There are many ways to frame the gay-marriage trial taking place this week in San Francisco: it's either a piece of Vegas-style showboating by former Bush v. Gore adversaries David Boies and Theodore Olson, or a noble quest for marital equality in America. But perhaps the most potent framing casts it as a grand battle between elitist, antidemocratic courts on the one hand and ordinary Americans on the other. That storyline suffered a major hit when the anti-gay-marriage team waged an epic fight to prevent the trial from being broadcast.
Perry v. Schwarzenegger promises to be a sprawling exploration into every aspect of the fight over gay marriage. But beneath all the social science there lies a deep institutional anxiety about whether California voters or the federal courts should be the arbiters of what marriage means. Opponents of gay rights have argued against allowing unelected judges to substitute their values for those of the American people. As an argument, it has legs. It's populist. It's catchy. But it's awfully hard to be a populist when you've come out against broadcasting the trial.
The question for the federal court is whether Proposition 8—the California ballot initiative in November 2008 that limited marriage to one man and one woman (overturning the state Supreme Court in the process)—is unconstitutional. The inquiry is not a narrow or technical one. That's why Judge Vaughn Walker (a George H.W. Bush appointee, if you're apt to keep score) decided to broadcast the trial on a delayed basis on YouTube. Last week, minutes before the trial opened, the U.S. Supreme Court responded to an emergency request from proponents of the gay-marriage ban and blocked YouTube coverage for at least several days. On Wednesday, by a 5–4 vote, it extended the ban indefinitely. Asking the Supreme Court—which bans cameras in its own courtroom—to decide whether a federal court can broadcast the most important gay-rights trial of the decade is a bit like asking Tiger Woods to rule on whether adultery is bad.

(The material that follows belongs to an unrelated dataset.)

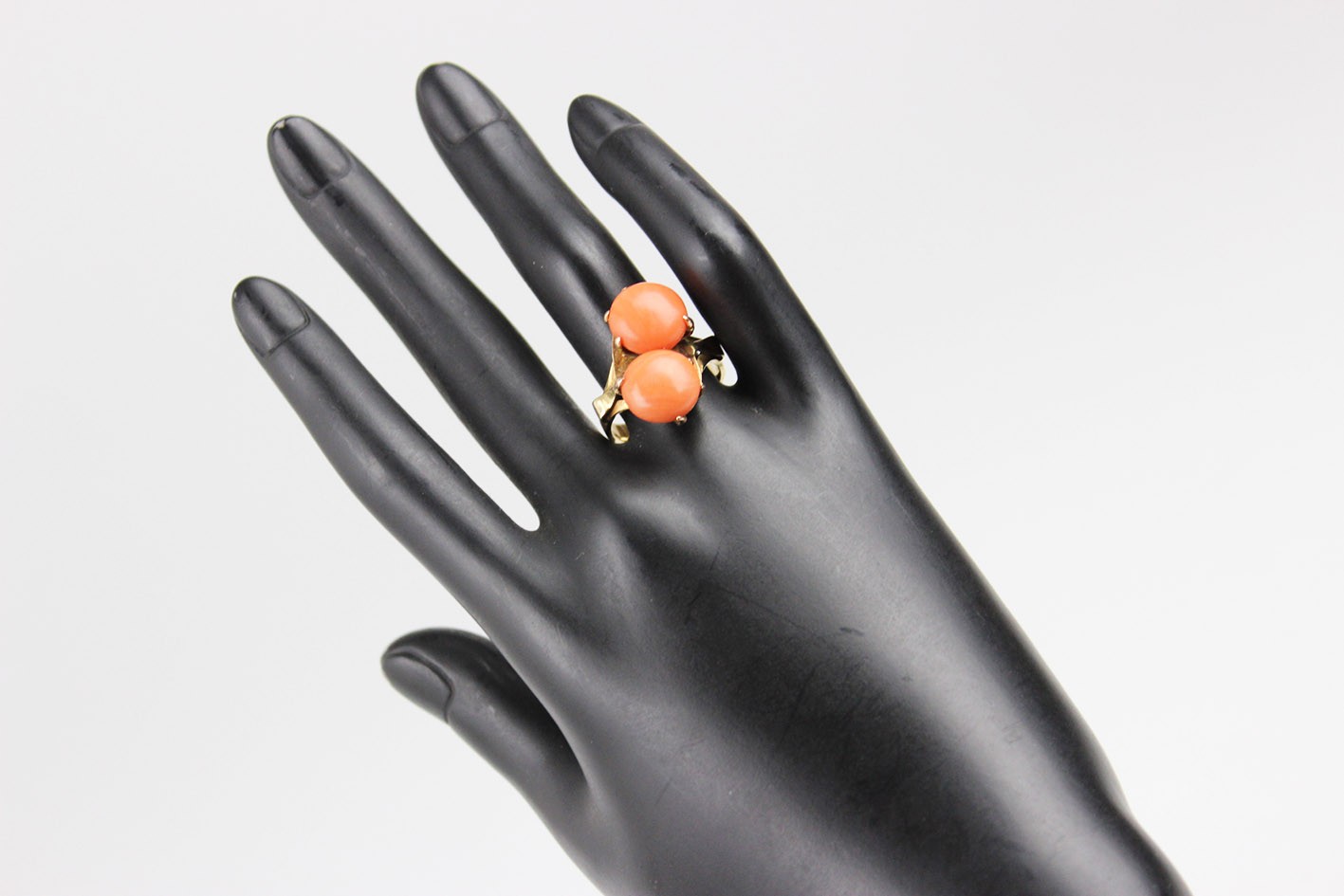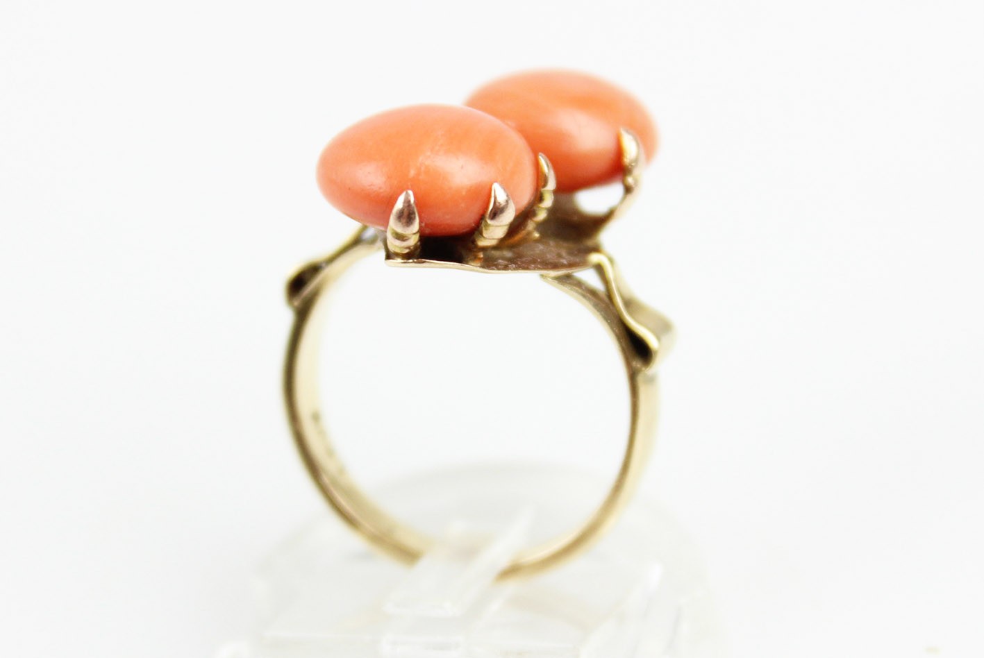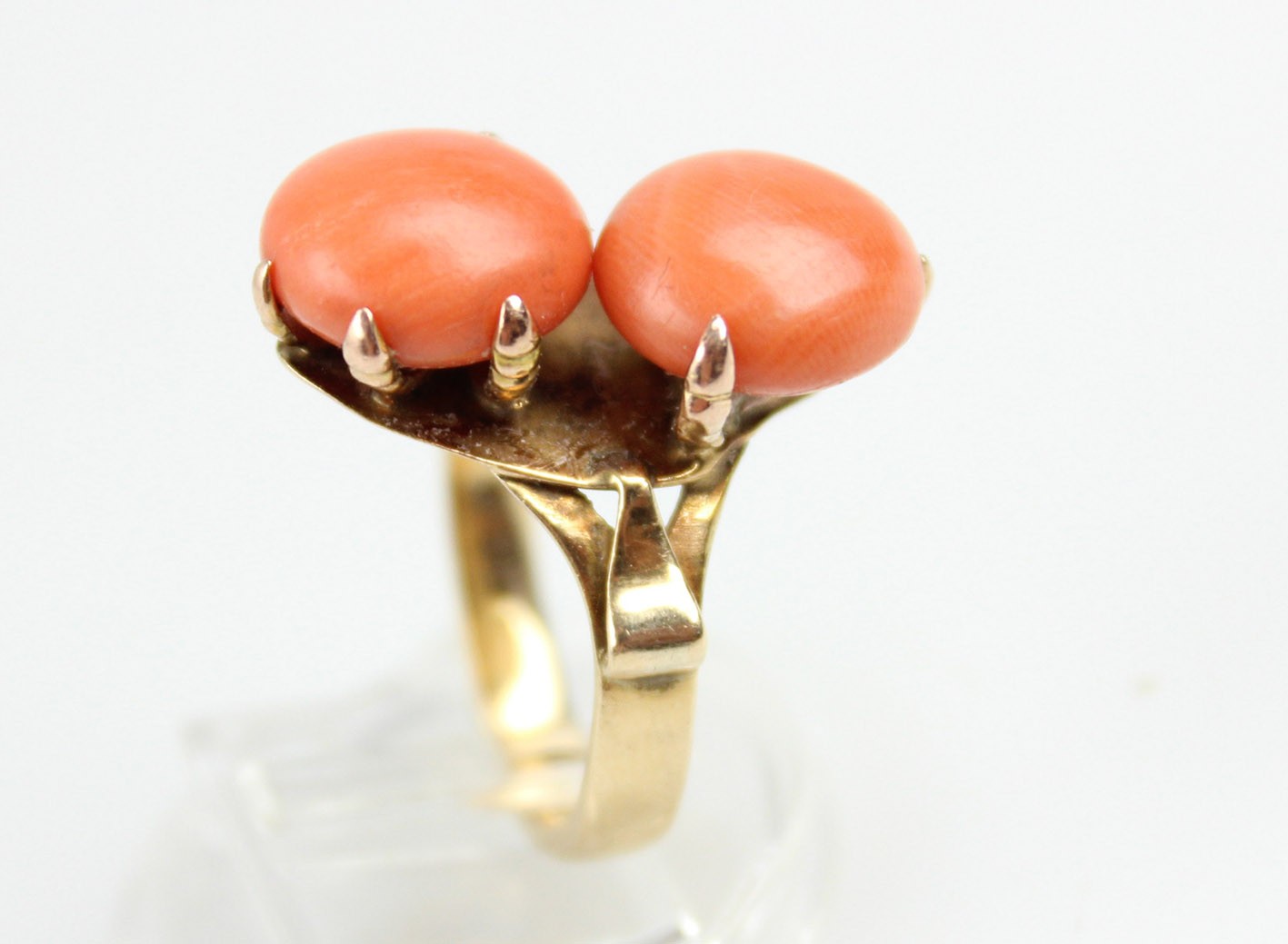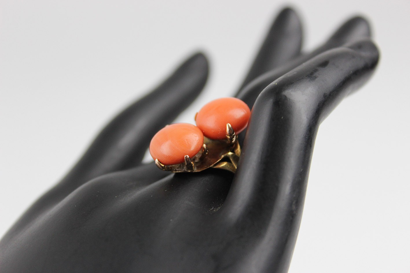 Elegancki, stylowy pierścionek wykonany ze złota próby 585, ozdobiony dwoma okazałymi, naturalnymi kaboszonami z korala szlachetnego w intensywnym, ciepłym odcieniu pomarańczowym. Kamienie zostały oprawione w klasyczne czteroramienne łapki, co podkreśla ich organiczne piękno i subtelny połysk. Szyna pierścionka o mocnym profilu stanowiąca eleganckie podparcie pod ażurową, asymetryczną oprawę, typową dla wzornictwa z połowy XX wieku. Całość zachowana w bardzo dobrym stanie kolekcjonerskim — bez uszkodzeń kamieni z lekkimi, naturalnymi śladami użytkowania na złocie. Wymiary:

But the Supreme Court's fear of the public notwithstanding, it's now clear that Prop 8's supporters' anxiety about allowing the masses into their lawsuit betrays a deep ambivalence about the same American voter they purport to be defending.
Alex Kozinski, chief judge of the United States Court of Appeals for the Ninth Circuit, recently announced the decision to allow some TV coverage of civil trials, describing the policy as an "experiment" to "find the right balance between the public's right to access to the courts and the parties' right to a fair and dignified proceeding." While Justice Antonin Scalia argues that broadcasting trials would be "making entertainment out of other people's legal problems," proponents of cameras in the courts feel that you cannot ask citizens to participate meaningfully in a democracy if you suspect they aren't smart enough to watch court cases.
Yet when Judge Walker announced that he'd allow portions of Perry v. Schwarzenegger to be shown on YouTube, the fear of the marauding villagers was almost palpable. In opposing the move, for instance, Brian Brown, executive director of the National Organization for Marriage, argued that the decision to put cameras in the courtrooms was intended for "low profile" cases only. Can it possibly be true that the American citizenry is fit to watch only boring cases, not the big ones?
Then there's the equally condescending argument that broadcasting the gay-marriage trial allows the masses—whose own vote on the ballot initiative is at stake here—to terrorize and threaten the trial witnesses. Thus, Charles Cooper, lawyer for the pro–Prop 8 side in this case, has argued that although this is a civil, not criminal, trial, witnesses could suffer "hostilities and harms" at the hands of their opponents.
How can you argue both that the majority of California citizens wanted to ban gay marriage and should be respected, but also that gay-marriage opponents are a fragile oppressed minority who must testify only in dark rooms?
Opponents of gay marriage cannot have it both ways. If they want to say that unelected federal judges cannot subvert the will of John Q. Voter, it's absurd to insist that John Q. Voter should be banned from witnessing the proceedings. If they believe that elitist jurists shouldn't be allowed to substitute their values for those of ordinary citizens, they cannot holler that ordinary citizens are thuggish bullies who scare witnesses. Both sides spent close to $74 million on competing ads to "educate" voters in the gay-marriage campaign in California. It's a little late to claim there's no place for TV cameras in this fight.